Your project should be submitted to the Dropbox by the end of Unit 4.
Unit 4 Project Questions
1. What is the purpose of having an advance directive?
Having an advance directive allows a patient to tell the medical staff how they would like treatment, and future care to go. With an advance directive, the medical team will know what a patient’s wishes are if they ever become unable to express them on their own. By law, medical facilities must provide information on a patient’s right to make the decisions in their medical care.
2. There are four types of advanced directives listed in your text. Please list and describe three of them:
Living will: A living will is commonly notarized. A living will is common for when anything happens, and a person became unable to speak for themselves- there would be a living will describing the various types of care they would like to receive.
Do Not Resuscitate: (DNR) occurs when a patient has DNR listed on file in their medical chart. This means that the patient wishes to not be resuscitated if anything was to happen unexpectedly (i.e., cardiac arrest, heart failure).
Uniform Anatomical Gift Act: This occurs when someone was to pass away, and has organ donor, or something of the source, listed in a file. If a person is old enough to make the decision to be a organ donor, their organs would then be donated for transplant, or other purposed.
3. What is the purpose of the Uniform Anatomical Gift Act?
The purpose of this act is to transplant organs to someone in need, or for training purposes- but only if the subject is of legal age to make the decision that they want to be a donor. Organs are only donated if they were in great working condition before the person passed away.
4. Does the patient in this case have a right to an advance directive? Why or why not?

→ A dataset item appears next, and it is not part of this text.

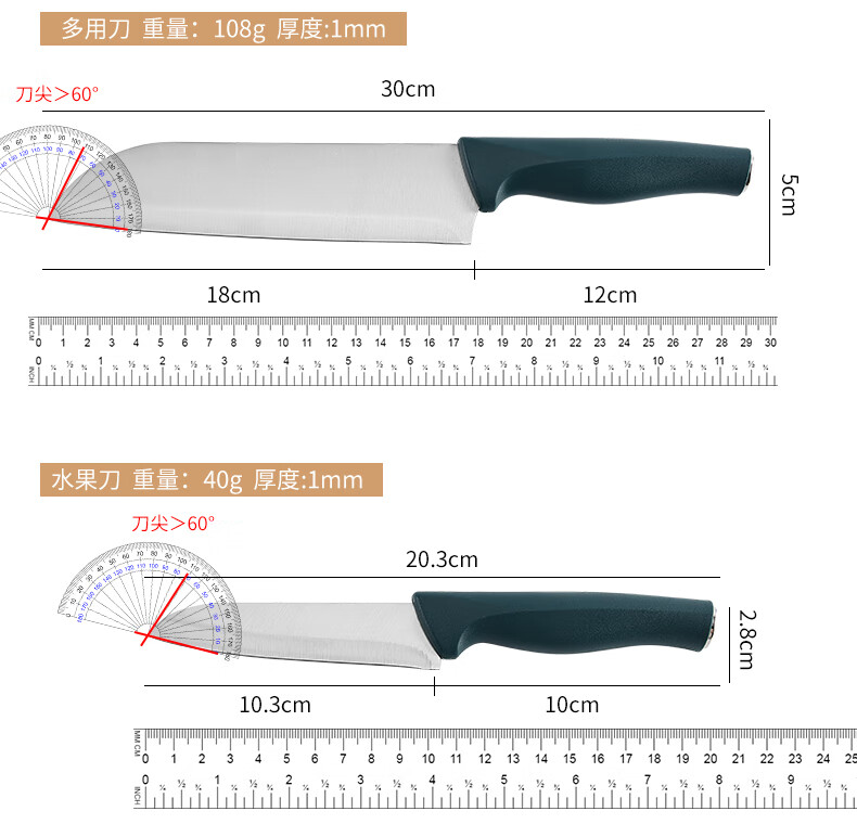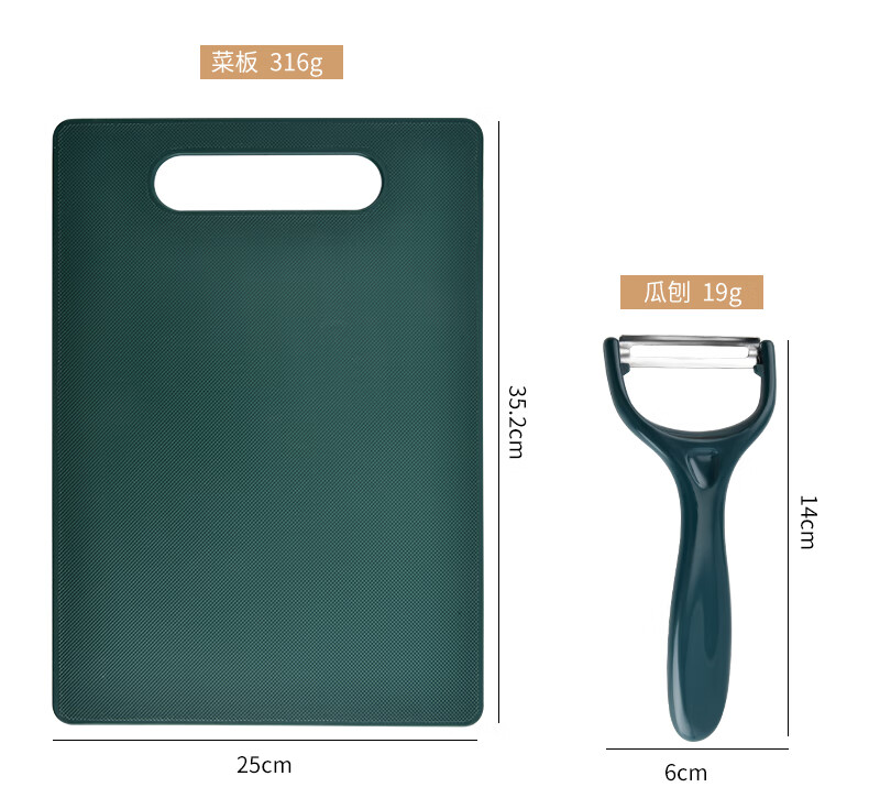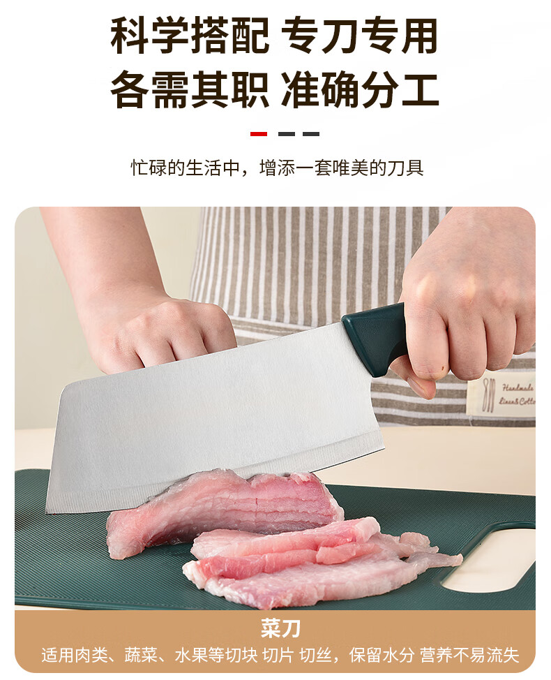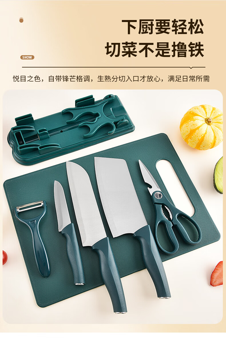 匠小品家用小菜刀菜板二合一厨房案板套装宿舍便携刀具砧板锋利宝宝辅食 墨绿菜刀4件套

Yes. Everyone has the right to an advance directive. Specifically, this patient does not believe in the treatment he would be receiving, and has wishes to not have treatment at all. Instead, this patient lists in a living will what he wishes for, and hands it to a medical staff to document in his medical record. It’s been said that living wills have to be abided by in most cases.
5. Does the patient in this case have a right to refuse treatment? Why or why not?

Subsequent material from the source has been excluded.